WORK ITEM: The full listing, word for word and free of images, is the expected result.
:::
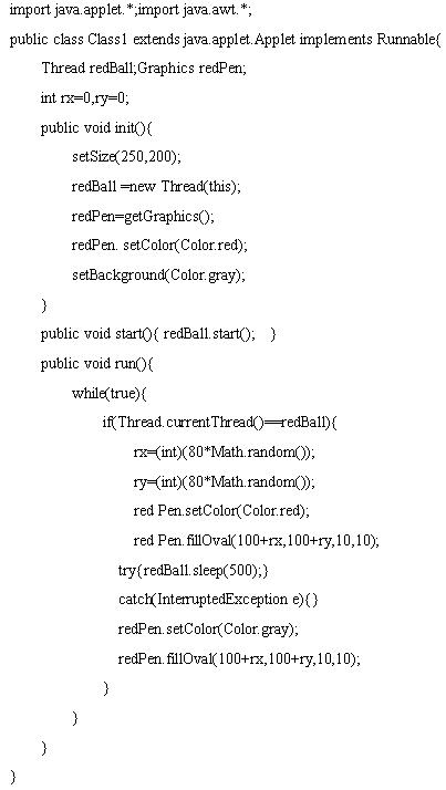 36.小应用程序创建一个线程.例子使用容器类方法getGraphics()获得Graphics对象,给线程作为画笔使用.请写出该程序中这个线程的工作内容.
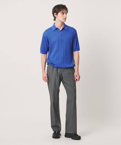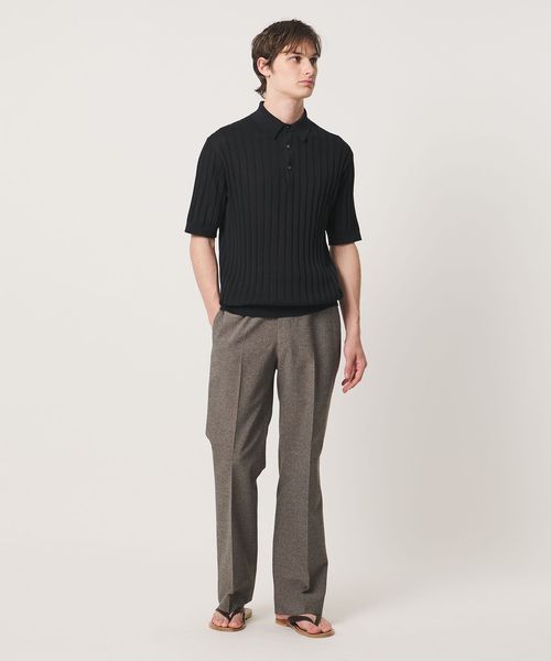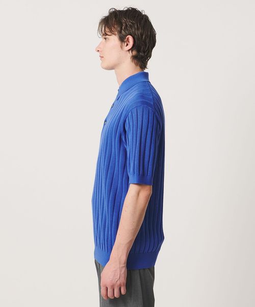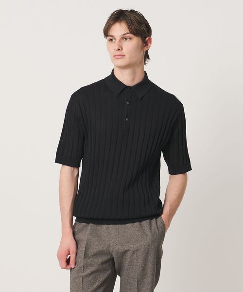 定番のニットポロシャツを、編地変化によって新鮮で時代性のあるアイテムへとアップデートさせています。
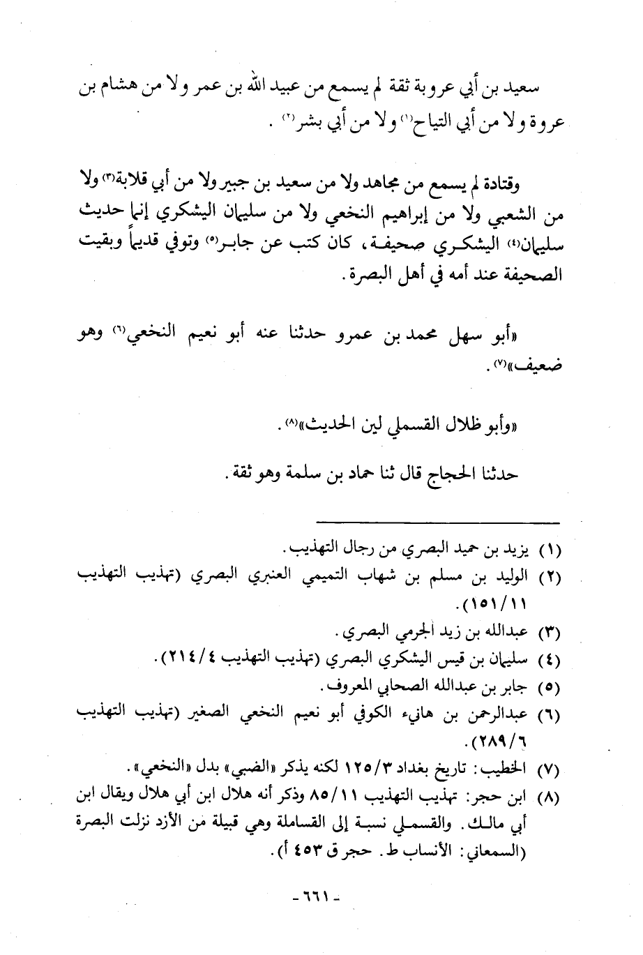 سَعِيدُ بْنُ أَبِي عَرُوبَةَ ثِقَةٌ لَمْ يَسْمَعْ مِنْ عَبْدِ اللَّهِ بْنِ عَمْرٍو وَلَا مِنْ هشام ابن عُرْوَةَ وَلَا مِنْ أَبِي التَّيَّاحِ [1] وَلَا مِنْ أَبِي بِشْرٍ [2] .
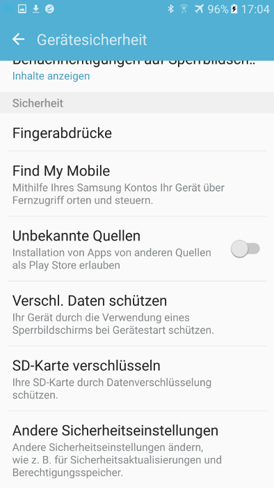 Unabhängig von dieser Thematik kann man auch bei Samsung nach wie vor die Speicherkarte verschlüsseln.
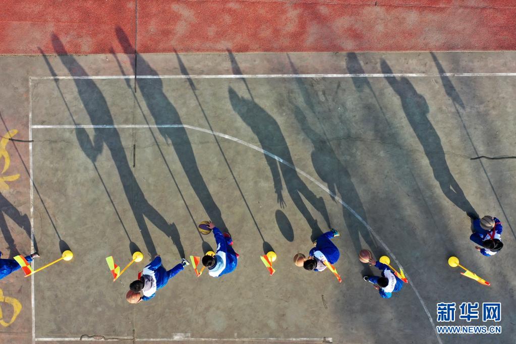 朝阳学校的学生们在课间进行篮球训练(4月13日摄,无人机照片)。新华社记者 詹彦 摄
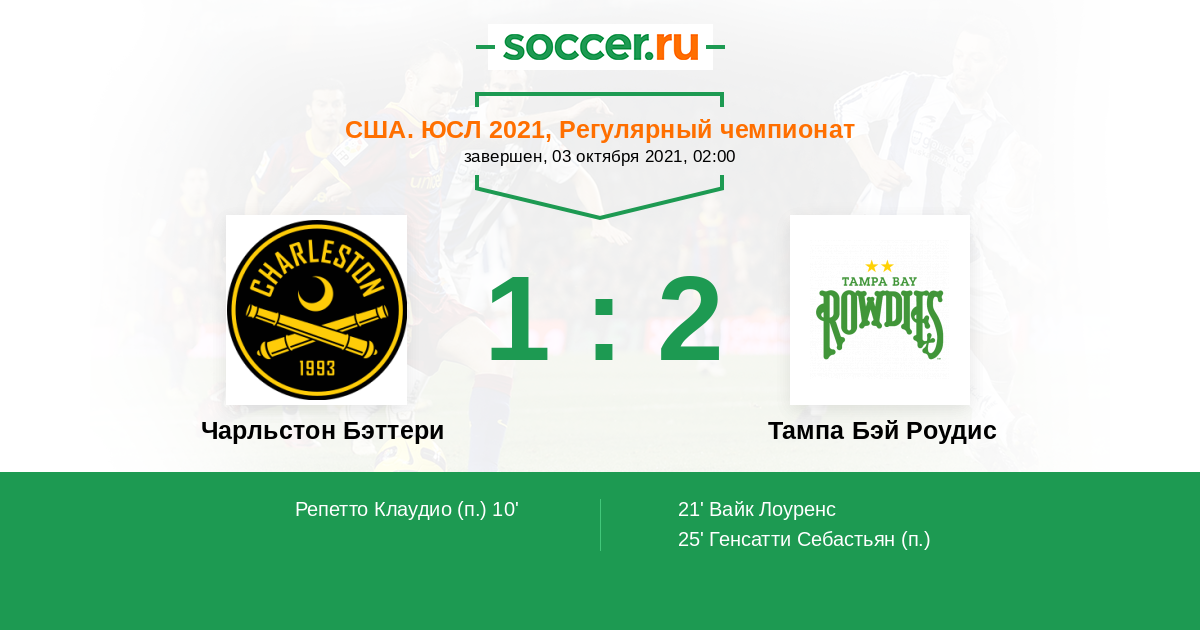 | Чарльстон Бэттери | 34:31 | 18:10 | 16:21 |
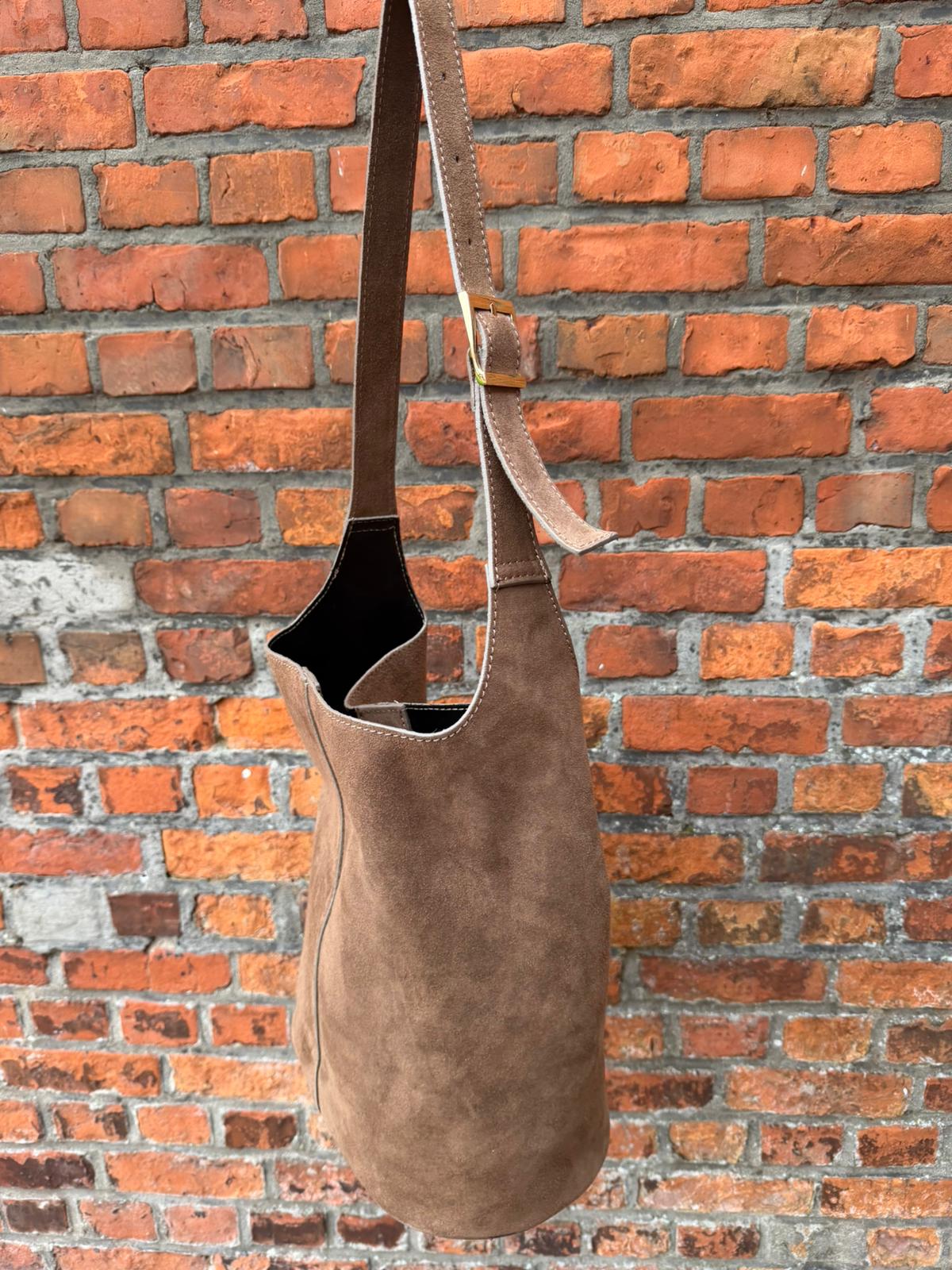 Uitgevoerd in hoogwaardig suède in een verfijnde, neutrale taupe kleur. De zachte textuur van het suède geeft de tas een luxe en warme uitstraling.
:::
RESULT:
 36.小应用程序创建一个线程.例子使用容器类方法getGraphics()获得Graphics对象,给线程作为画笔使用.请写出该程序中这个线程的工作内容.
 定番のニットポロシャツを、編地変化によって新鮮で時代性のあるアイテムへとアップデートさせています。
 سَعِيدُ بْنُ أَبِي عَرُوبَةَ ثِقَةٌ لَمْ يَسْمَعْ مِنْ عَبْدِ اللَّهِ بْنِ عَمْرٍو وَلَا مِنْ هشام ابن عُرْوَةَ وَلَا مِنْ أَبِي التَّيَّاحِ [1] وَلَا مِنْ أَبِي بِشْرٍ [2] .
 Unabhängig von dieser Thematik kann man auch bei Samsung nach wie vor die Speicherkarte verschlüsseln.
 朝阳学校的学生们在课间进行篮球训练(4月13日摄,无人机照片)。新华社记者 詹彦 摄
 | Чарльстон Бэттери | 34:31 | 18:10 | 16:21 |
 Uitgevoerd in hoogwaardig suède in een verfijnde, neutrale taupe kleur. De zachte textuur van het suède geeft de tas een luxe en warme uitstraling.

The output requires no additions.